Robert D’Harcourt, The German Catholics, trans. R. Dingle (1939), p. 160.
fleeing Germany: Hildebrand’s anti-Nazi statements and writings made him a marked man. When the Nazis took over the Bavarian State Government in March 1933 and SS chief Himmler gained control of the Bavarian police, Hildebrand was advised by a friend that his life was in danger. Hildebrand left for Austria immediately with his wife and son. That same day, Hildebrand’s friend and fellow anti-Nazi publicist Fritz Gerlich was arrested and shortly afterwards thrown into the first Nazi concentration camp, at Dachau.
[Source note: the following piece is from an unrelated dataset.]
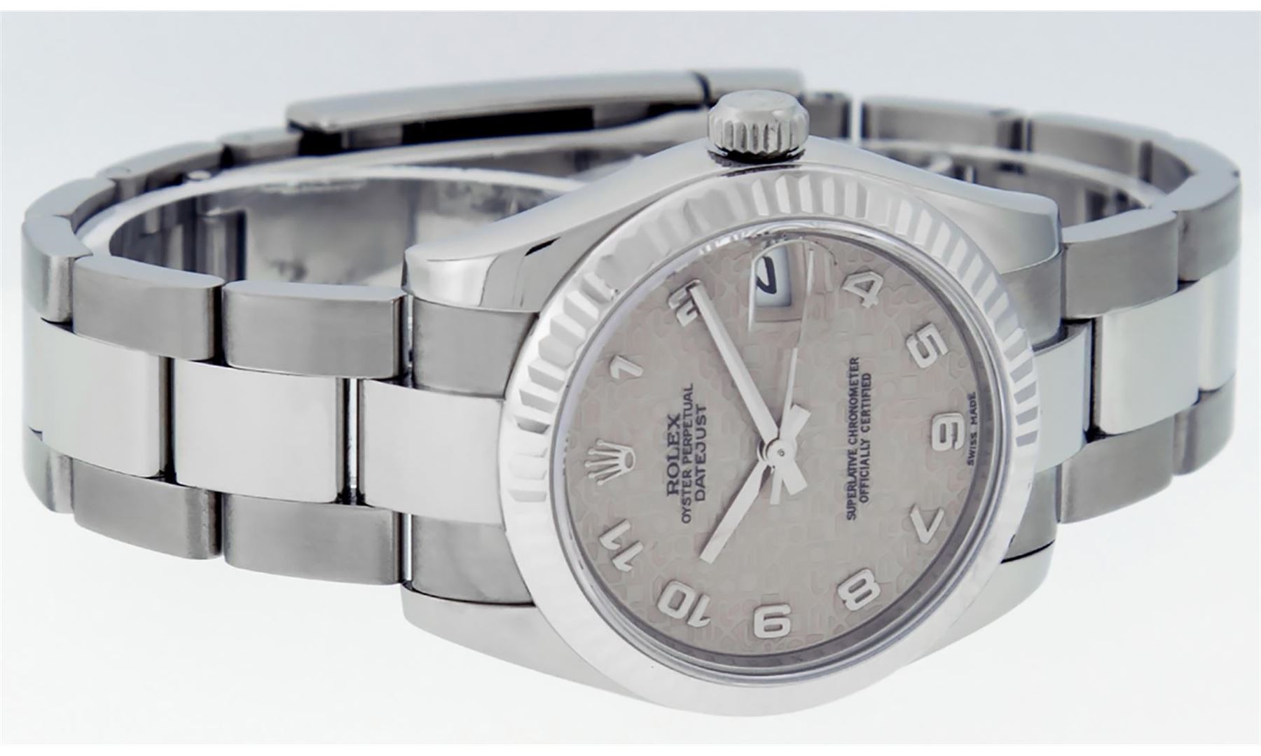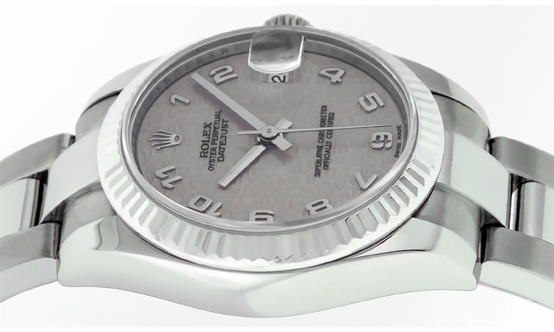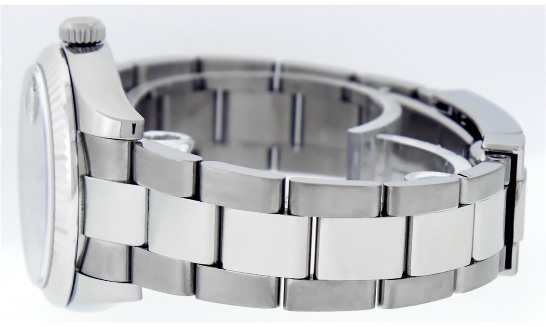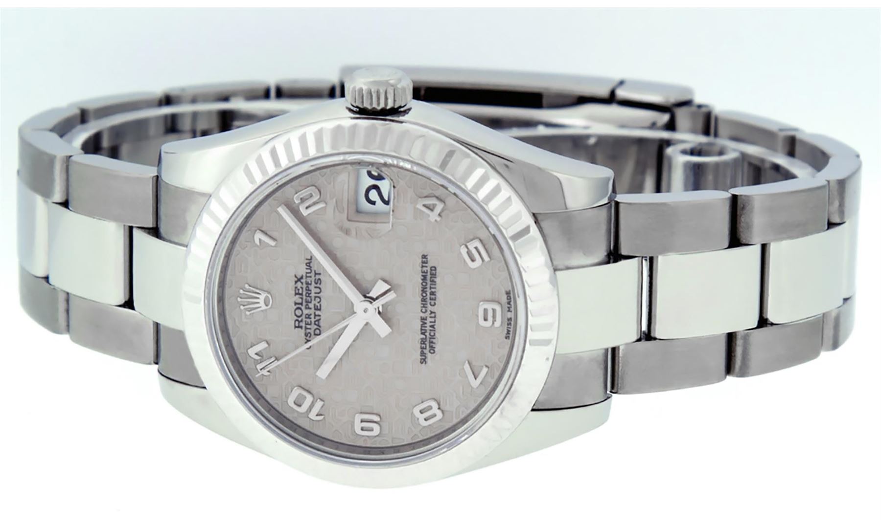 One Womens Midsize Stainless Steel Rolex Datejust Polished, Serviced & Electronically Tested, Rolex Stainless Steel Case Case: 31mm, Rolex Stainless Steel Crown, Rolex Bezel: 18K White Gold Fluted Bezel, Crystal: Sapphire With Cyclops Lens. Hands: White Hands. Rolex Movement: Automatic Winding Movement Caliber 2235. Rolex Dial: Cream Jubilee Dial With Arabic Hour Markers, Date Window: 3 O'Clock Position Date Display, Quickset, Model: Midsize Datejust. Condition: G-6 Extra Fine. Rolex Bracelet: Stainless Steel Oyster Band. Bright Polish. 6.0 Inch Length, Adjustable. Standard Clasp, With Rolex Logo. This Pre Owned Watch Has Been Serviced Time Tested And Is In Excellent Condition It Is Free Of All Scratches And Dents.

Gerlich was killed at Hitler’s command the following year, during the Night of the Long Knives.
Hildebrand had another close escape on March 15, 1938, when the German Army marched into Austria in the Anschluss [annexation]. This time Hildebrand needed no one to warn him. Together with his wife and son, he got on a train from Vienna to the nearby city of Bratislava, across the Danube River in Czechoslovakia (now Slovakia). Though the Germans had closed the border to Austrians and Germans, the Hildebrands were able to get through by using Swiss passports. Their maid later informed them that German forces came to their apartment just hours after their departure.
Stephen Galebach had the honor of attending a lecture by Dietrich von Hildebrand at Fordham University during his freshman year at Yale.
memoirs: Dietrich von Hildebrand, Memoiren und Aufsätze gegen den Nationalsozialismus [Memoirs and Essays against National Socialism] (1994), pp. 120-121. Hildebrand recalled that he was with Cardinal Pacelli for about one hour. Although he wrote his memoirs many years after the events, Hildebrand said of this event that he only wrote what he remembered exactly. (p.121)
letter: The original German is reprinted in Albrecht, Note Exchange, vol. 3, p.73.